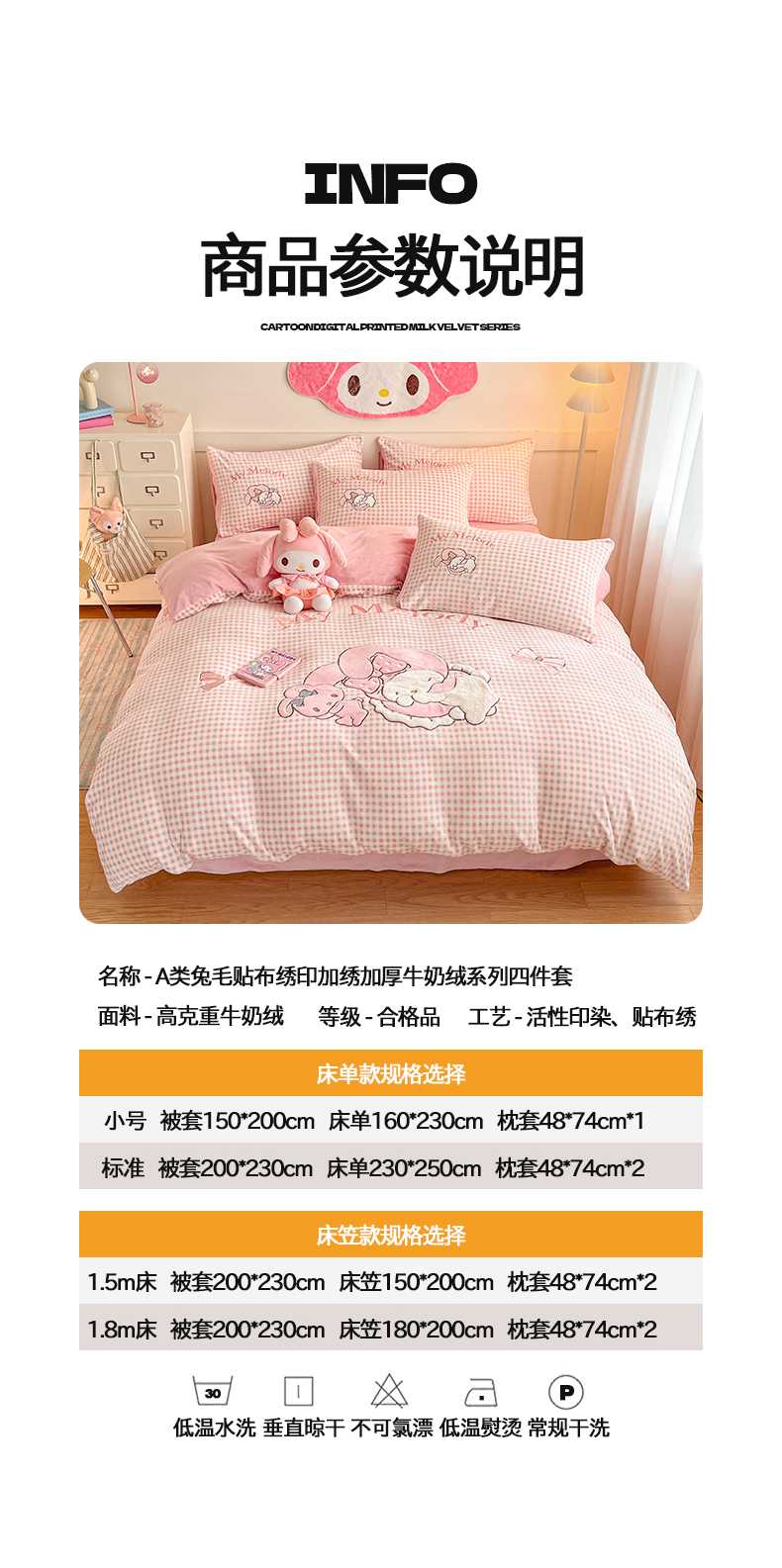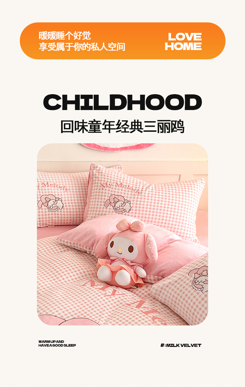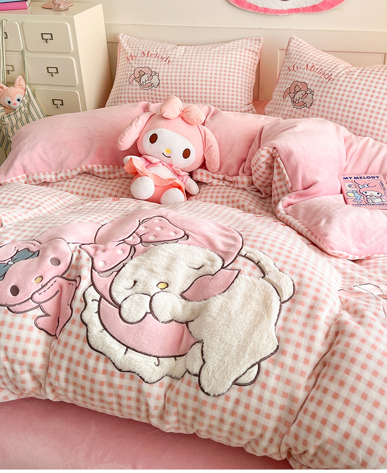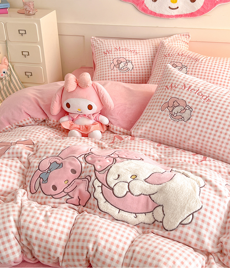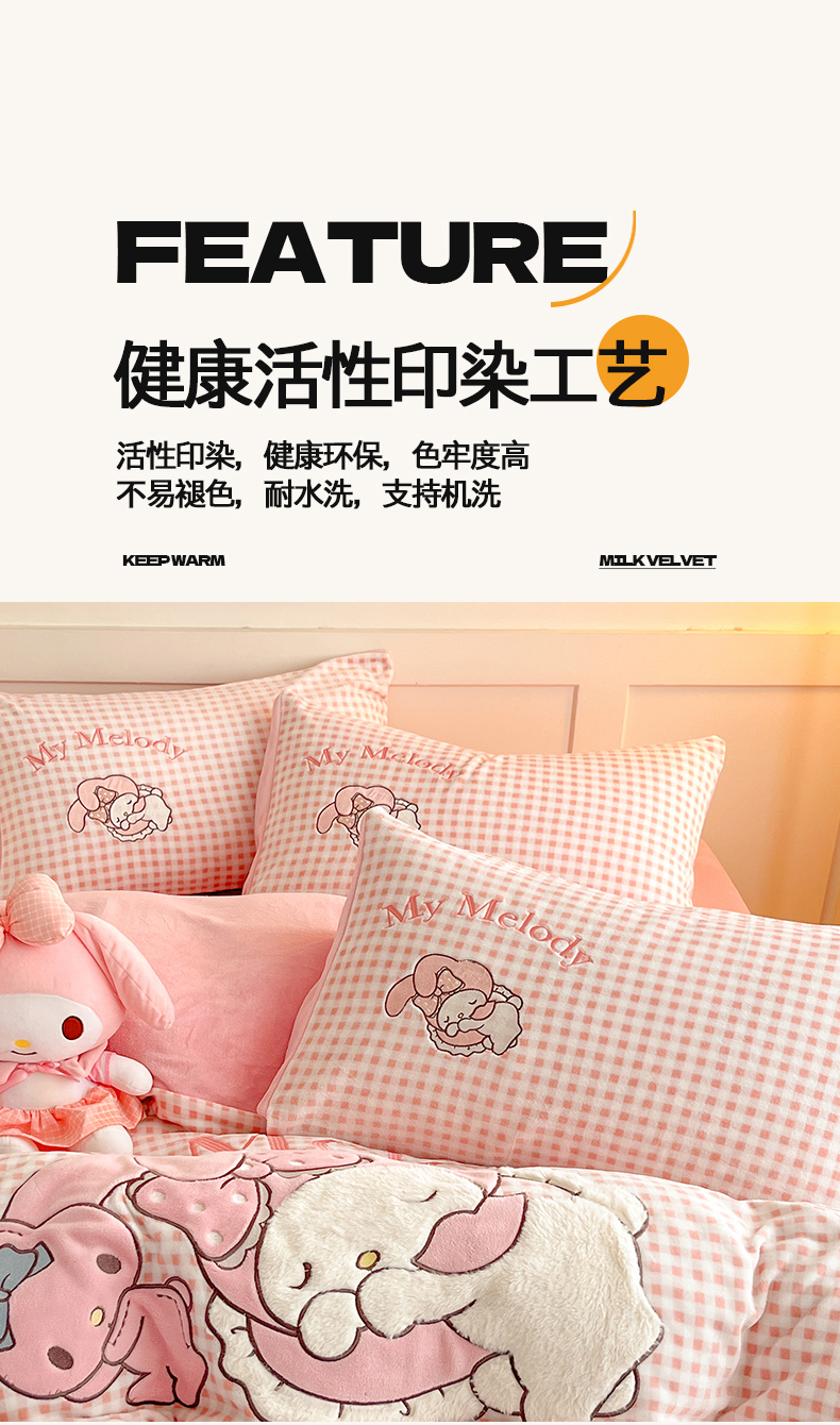 当前位置: 91家纺网 > 商品网购 > 床品套件 > 四件套 > 牛奶绒四件套 > 金爱家 2025新款A类三丽鸥授权Kitty兔毛贴布绣毛巾绣印加绣卡通少女加厚牛奶绒系列四件套 绒贴布绣-晚安美乐蒂
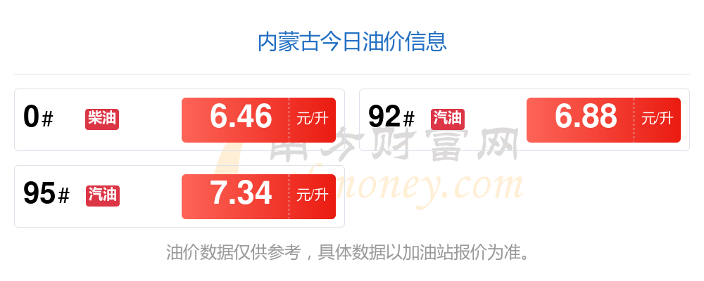 11月15日內(nèi)蒙古通遼92號(hào)汽油的價(jià)格為11月11日調(diào)整后的價(jià)格,具體為:6.88元每升,相對(duì)上次調(diào)整時(shí)間10月28日的油價(jià)6.78元每升,增了0.1元,增幅達(dá)1.475%。下一輪油價(jià)調(diào)整時(shí)間11月24日24時(shí),距離現(xiàn)在還有9.65天。
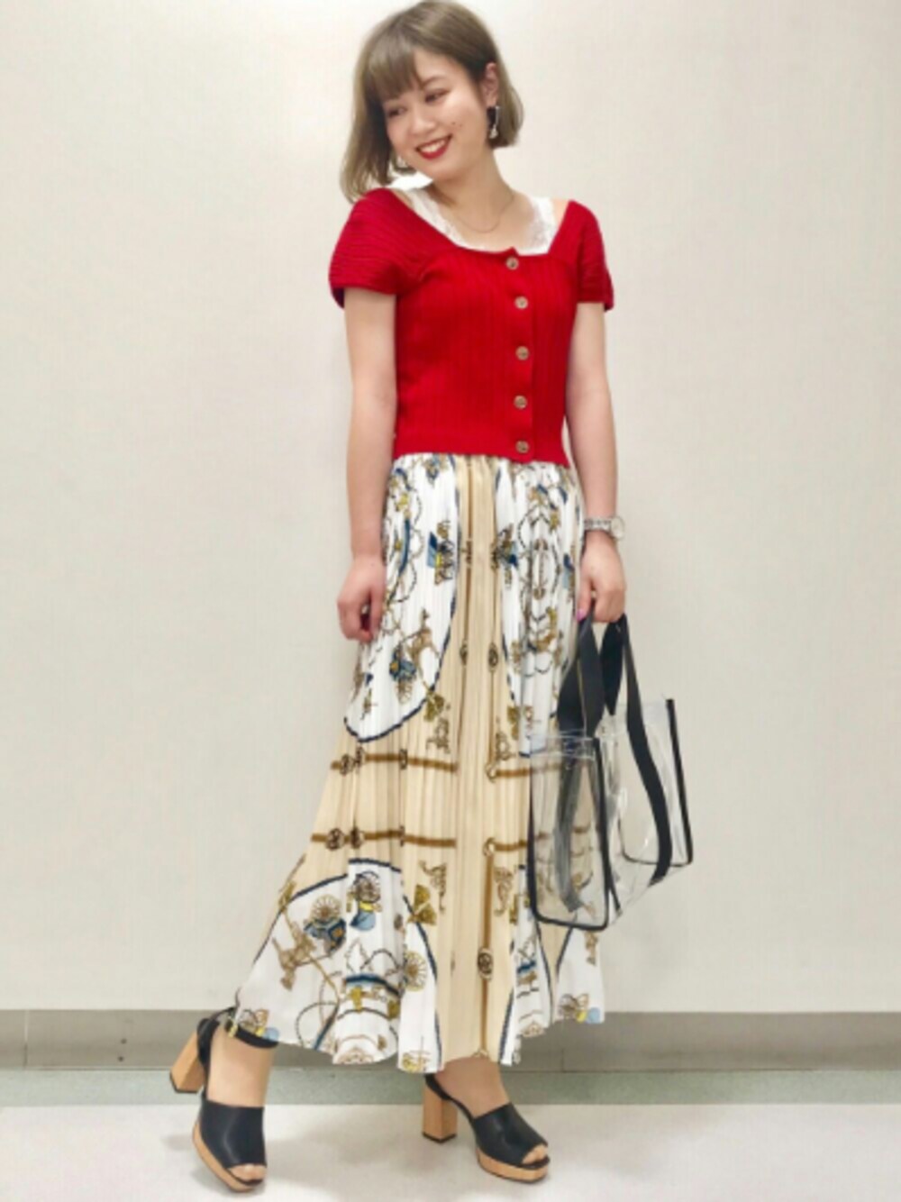 パネル柄のプリーツスカートと パキッとした赤のニットの夏コーデ✨

==================================================

Action item: In the answer, all of the material should appear exactly as given, with no picture carried over.

Output of the task:
 当前位置: 91家纺网 > 商品网购 > 床品套件 > 四件套 > 牛奶绒四件套 > 金爱家 2025新款A类三丽鸥授权Kitty兔毛贴布绣毛巾绣印加绣卡通少女加厚牛奶绒系列四件套 绒贴布绣-晚安美乐蒂
 11月15日內(nèi)蒙古通遼92號(hào)汽油的價(jià)格為11月11日調(diào)整后的價(jià)格,具體為:6.88元每升,相對(duì)上次調(diào)整時(shí)間10月28日的油價(jià)6.78元每升,增了0.1元,增幅達(dá)1.475%。下一輪油價(jià)調(diào)整時(shí)間11月24日24時(shí),距離現(xiàn)在還有9.65天。
 パネル柄のプリーツスカートと パキッとした赤のニットの夏コーデ✨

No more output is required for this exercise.